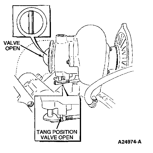 Inspect the exhaust back pressure device bellcrank during cranking and assure that it is not closing. Inspect the exhaust system for damaged or blocked pipes. When the tang is against the stop, the valve is fully open.
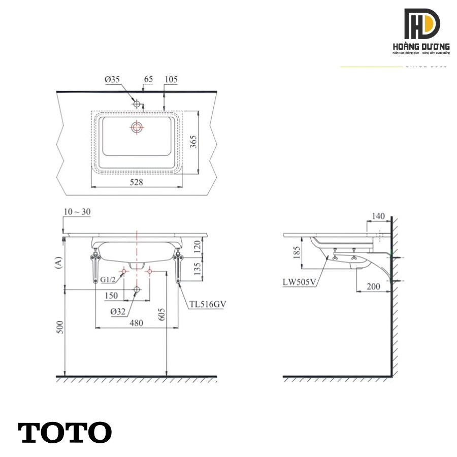 Bản vẽ kỹ thuật chậu lavabo TOTO LT505T#XW âm bàn
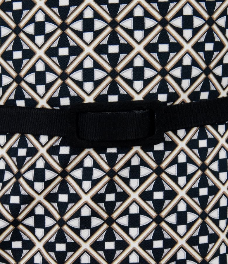 Elastic cotton dress, without lining, with graphic print and round neckline. Closes with middle-back concealed zipper and it tightens in waist with a detachable belt.
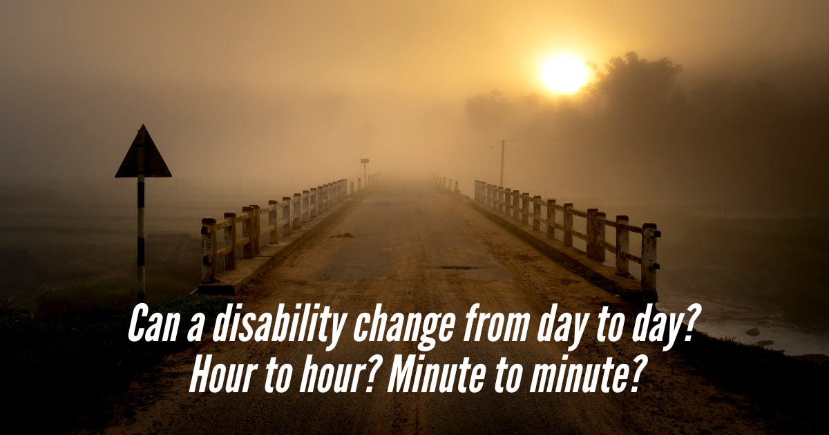 Can a disability change from day to day? Hour to hour? Minute to minute? Mine does.
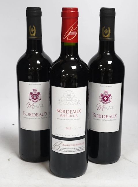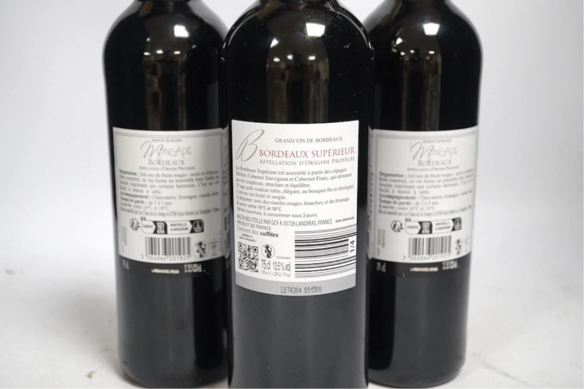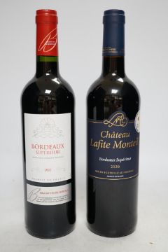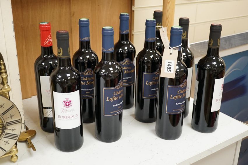Twelve bottles of wine to include six bottles of Chateau Lafite Monteil, four bottles of Bordeaux Superieur 2022 and four bottles of Moncade Bordeaux. Condition - good, storage unknown
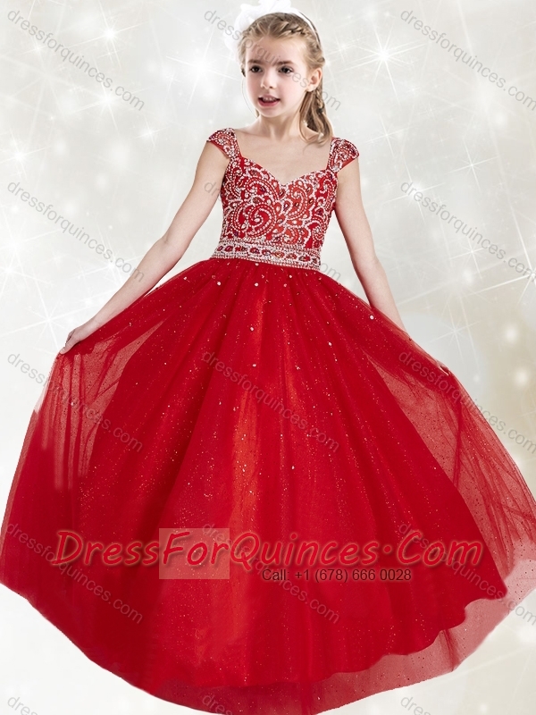 Adorable Straps Cap Sleeves Little Girl Pageant Dress with Beading
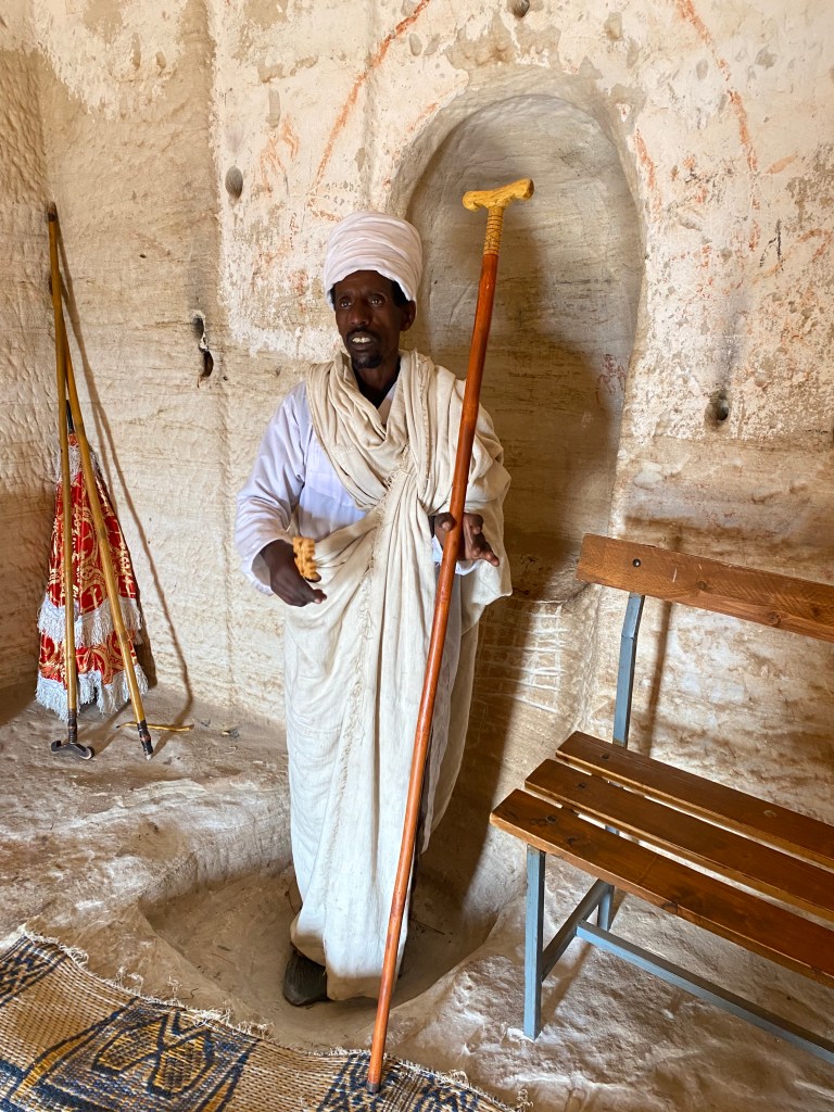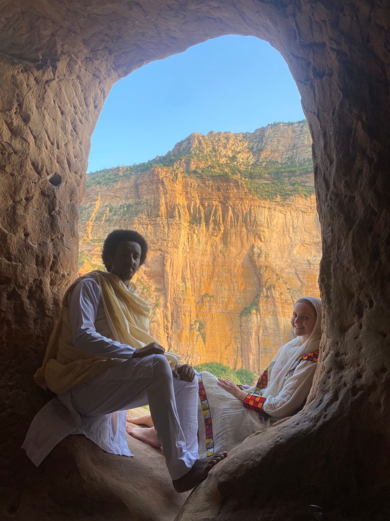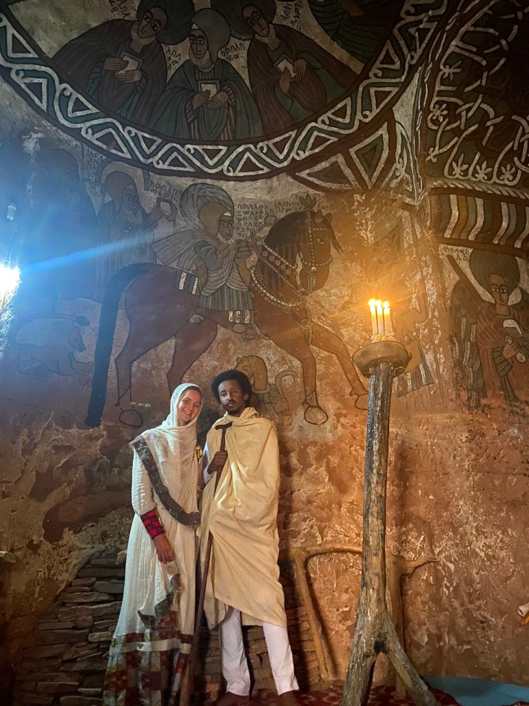 In the morning we visited both incredible Churches, Daniel Qorkor on the side of the mountain accessible by walking delicately near the cliff and Maryam Qorkor on the other side partially sticking out of the rock as a way to again protect the Church from the rain. Daniel Qorkor was the smallest of the Churches we visited with white paint and beautifully painted walls. The Priest told us stories of the painting and a smooth, flat gray rock that Aba Daniel used to stand on to feel discomfort.

####

▸ What you need to do: With the pictures removed, print only the lines starting at the line that has "Elastic cotton dress, without" and ending at the line that has "Adorable Straps Cap", both ends included, exactly as they stand above.

▸ Solution:
 Elastic cotton dress, without lining, with graphic print and round neckline. Closes with middle-back concealed zipper and it tightens in waist with a detachable belt.
 Can a disability change from day to day? Hour to hour? Minute to minute? Mine does.
Twelve bottles of wine to include six bottles of Chateau Lafite Monteil, four bottles of Bordeaux Superieur 2022 and four bottles of Moncade Bordeaux. Condition - good, storage unknown
 Adorable Straps Cap Sleeves Little Girl Pageant Dress with Beading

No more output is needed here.